On 12/10/2018 17:08, Michael Rehder wrote:
The mandatory statement in that case is ignored (I’ve pointed out the
RNG and Schematron lack of enforcement).
OK, I'm not familiar with RNG and Schematron.
WHEN trumps the mandatory status (via explicit mandatory or implicit
mandatory via min-elements 1)
So I think that you are asking for mandatory to trump a when condition.
Can you provide a concrete example where this is required, or even useful?

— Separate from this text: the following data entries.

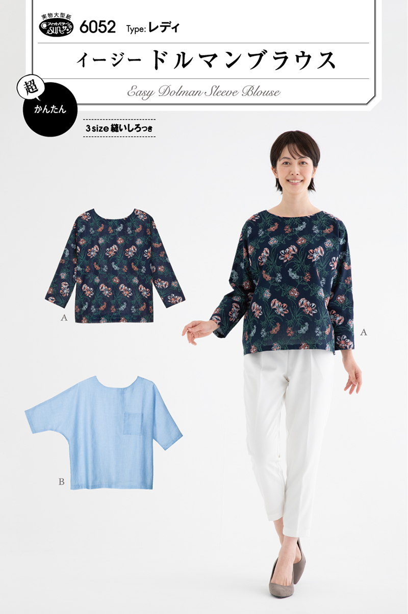 イージードルマンブラウス 6052 型紙 パターン フィットパターン サンプランニング 大人 子供 ベビー 赤ちゃん 作り方 洋裁 手作り 簡単 レシピ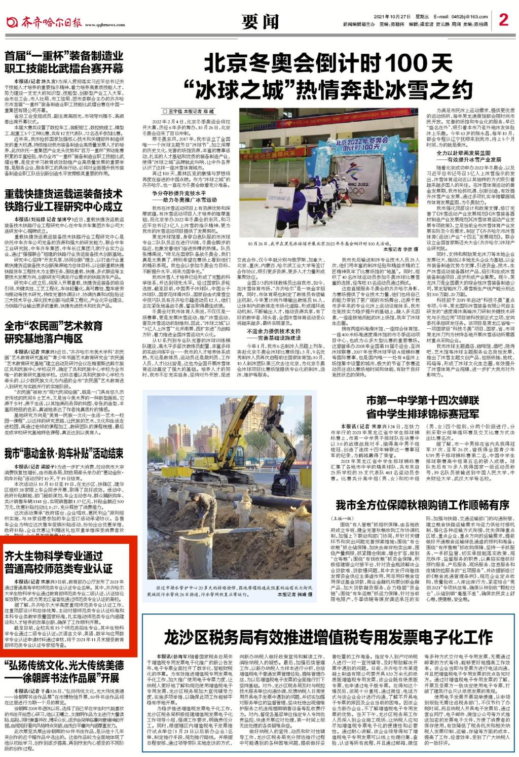 上一條:【齊齊哈爾新聞】齊大生物科學專業通過普通高等學校師范類專業認證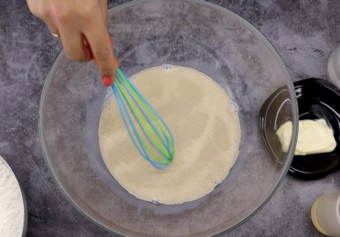Wlej 4 łyżki cukru do ciepłego mleka, 7 gramów suchych drożdży i dobrze wymieszaj trzepaczką. Przykryj cienkim ręcznikiem i pozostaw na 15 minut, aby uaktywnić drożdże.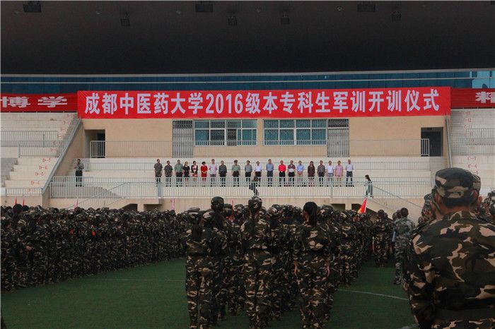 9日上午9:00,2016级本专科学生军训开训仪式在温江校区田径场举行。校长梁繁荣,副校长余曙光、彭成,纪委书记、学生军训工作领导小组组长延建明,2016级本专科学生旅长吴晓霖,学校相关部门及各参训学院领导出席开训仪式,校武装部工作人员、2016级全体学生及承训部队官兵参加开训仪式。开训仪式由校武装部部长、军训旅参谋长侯杰主持。

A solution here, that doesn't require any changes in the YANG language,
would be to just move the when condition, down to each of the child
nodes that are not marked as mandatory.
But, sorry, at the moment I'm still at a loss to see how where this
would actually be useful.
Thanks,
Rob
Thanks
Mike
*From:*Robert Wilton [mailto:rwil...@cisco.com]

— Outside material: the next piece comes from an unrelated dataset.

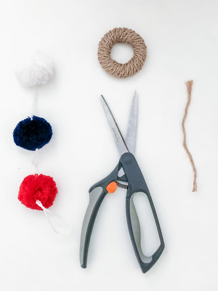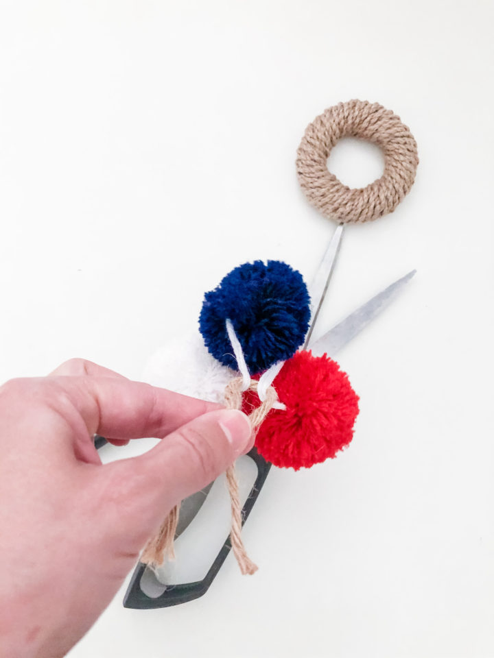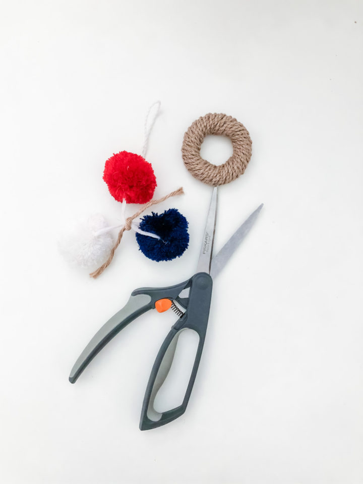 Cut your garland so that you have three poms – one of each color. Also cut a 4” strand of jute.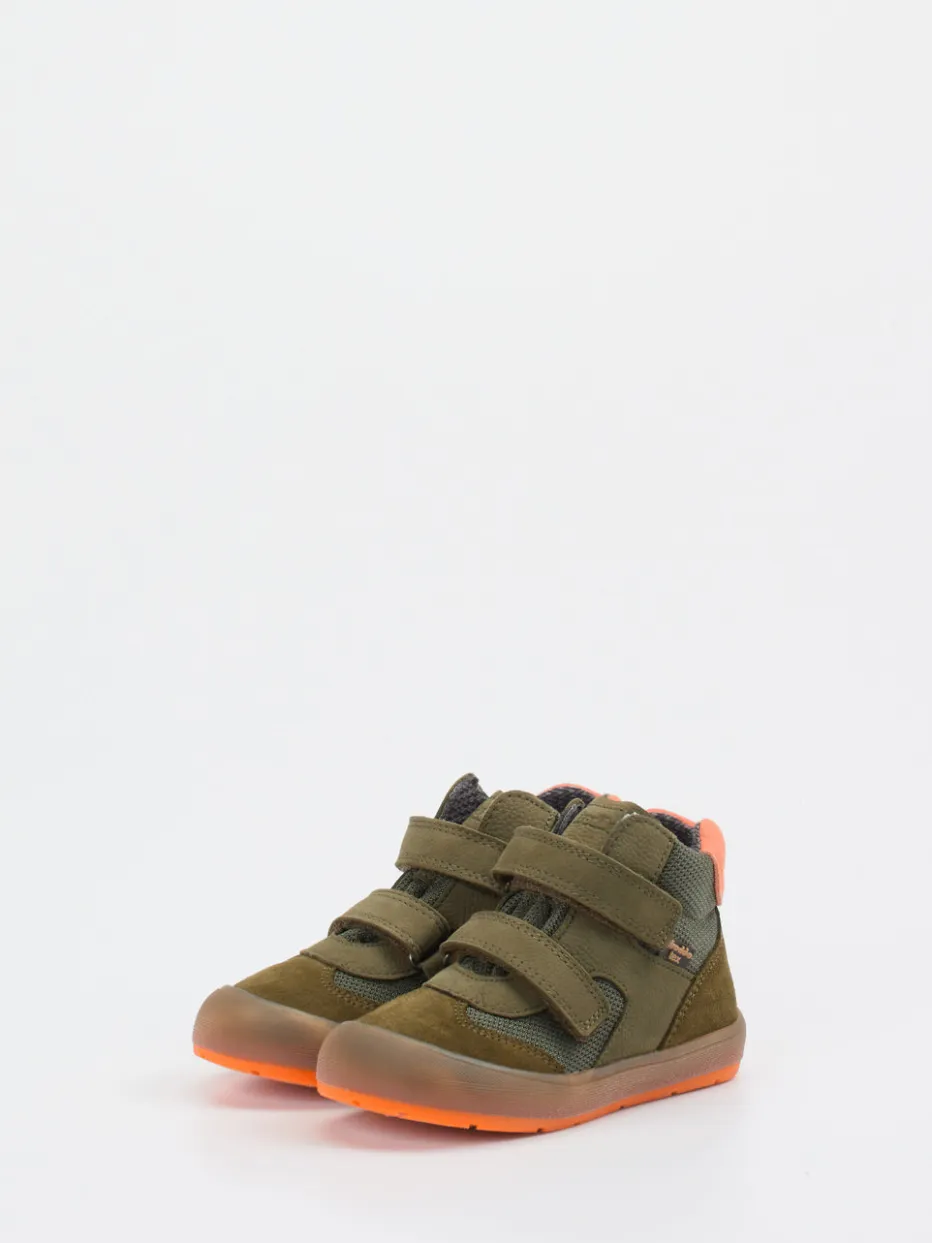 Bereit für jedes Abenteuer.Die Marke Froddo präsentiert mit diesen Lauflernschuhen ein outdoor-inspiriertes Kindermodell im High-Top-Design. Ideal für vielseitige Alltagseinsätze: Das weiche Nubukleder wird durch strukturierte Textileinsätze ergänzt und sorgt gemeinsam mit dem gepolsterten Fersenbereich für angenehmen Halt. Farblich setzen der Olivgrün-Grundton, die korallenfarbene Fersenkappe und orange Akzente auffällige Kontraste. Klettverschlüsse bieten eine einfache Handhabung, während die griffige Gummisohle Trittsicherheit gibt. Das Design zitiert aktuelle Color-Blocking- und Gorpcore-Trends. Froddo kombiniert stilbewussten Look mit durchdachter Kindgerechtigkeit.

*Sent:* Friday, October 12, 2018 12:06 PM
*To:* Michael Rehder <michael.reh...@amdocs.com>
*Cc:* Andy Bierman <a...@yumaworks.com>; Walker, Jason
(jason_walk...@comcast.com) <jason_walk...@comcast.com>; netmod@ietf.org
*Subject:* Re: [netmod] WHEN statement within mandatory objects
doesn't ensure presence of the mandatory object
Hi Mike,
On 11/10/2018 19:05, Andy Bierman wrote:
On Thu, Oct 11, 2018 at 11:00 AM, Michael Rehder
<michael.reh...@amdocs.com <mailto:michael.reh...@amdocs.com>> wrote:
I think the wording is relevant - something can be conditional
but still required.
Yes, but I think that this is already expressed by a node that has
both a when condition and mandatory statement.
container a {
container x {
when "some condition";
leaf foo {
mandatory true;
}
leaf bar {
...
}
}
container y {
leaf baz {
mandatory true;
}
leaf tee {
...
}
}
}
a/x/foo is conditional (due to when) but required (if the when condition is
met).
a/x/bar is conditional (due to when) but optional (if the when condition is
met).
a/y/baz is unconditional but required.
a/y/tee is unconditional but optional.
It should be clarified that elements become implicitly
“mandatory false” when a “when” statement is used.
But they don't.
I would like to see an enhancement to YANG to control this
behavior, to allow the mandatory status to be enforced.
That is, support also “conditionally required” instead of only
the current “conditionally optional”.
I'm trying to understand what this would even mean.
Taking your original example, but with "enforce-mandatory-status":
leaf AssignmentMechanism {
type enumeration {
enum "DHCP";
enum "Static";
}
mandatory true;
description "The address assignment mechanism.";
}
list IPAddresses {
when "../AssignmentMechanism = 'Static'" {
enforce-mandatory-status;
} key Address;
min-elements 1;
leaf Address {
type capit:IPv4Address;
description "An ipv4 address.";
}
}
So this means that list IPaddresses must have at least one element
regardless of whether the when condition holds. I.e. no matter whether
the assignment is DHCP or Static there must always be at least one 1
address configured. But I don't understand what this actually means -
it seems like a contradiction. What am I missing? Please can you
give a concrete example (in YANG) of what behaviour you are looking for.